The Failure of Exactitude
While a high-degree polynomial can hit every data point, it often results in "Runge-like" oscillations. These wild swings bear no resemblance to the underlying physical process. So it is unreasonable to require that the approximating function agree exactly with the data, especially when measurements are subject to variance.
Defining the 'Best' Fit: The Three Norms
To approximate, we must define an error function $E$. How we measure "closeness" changes the result entirely:
Seeking to minimize the maximum possible error:
$$E_{\infty}(a_0, a_1) = \max_{1 \le i \le n} \{|y_i - (a_1 x_i + a_0)|\}$$
Pitfall: The minimax approach generally assigns too much weight to a bit of data that is badly in error.

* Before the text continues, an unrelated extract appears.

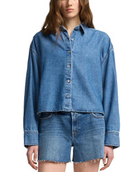 - About the brand: A denim icon. - Nina Oversized Cropped Shirt in Hilo - Approximately 16in from shoulder to hem - Measurements taken from a size S and may vary slightly by size. - Button front - Lyocell 32% , Cotton 68% - Machine wash - Imported

The sum of absolute differences:
$$E_1(a_0, a_1) = \sum_{i=1}^{n} |y_i - (a_1 x_i + a_0)|$$
Pitfall: The absolute-value function is not differentiable at zero, and we might not be able to find solutions to this pair of equations analytically.
The standard in numerical analysis, squaring the residuals:
$$E_2(a_0, a_1) = \sum_{i=1}^{n} [y_i - (a_1 x_i + a_0)]^2$$
This creates a smooth, differentiable surface where calculus can easily find a global minimum.
Analytical Constraints
Choosing a metric is a balance of logic and calculus. For example, the absolute deviation method does not give sufficient weight to a point that is considerably out of line with the approximation, while $L_2$ provides a robust middle ground that penalizes large outliers without being entirely governed by a single rogue data point.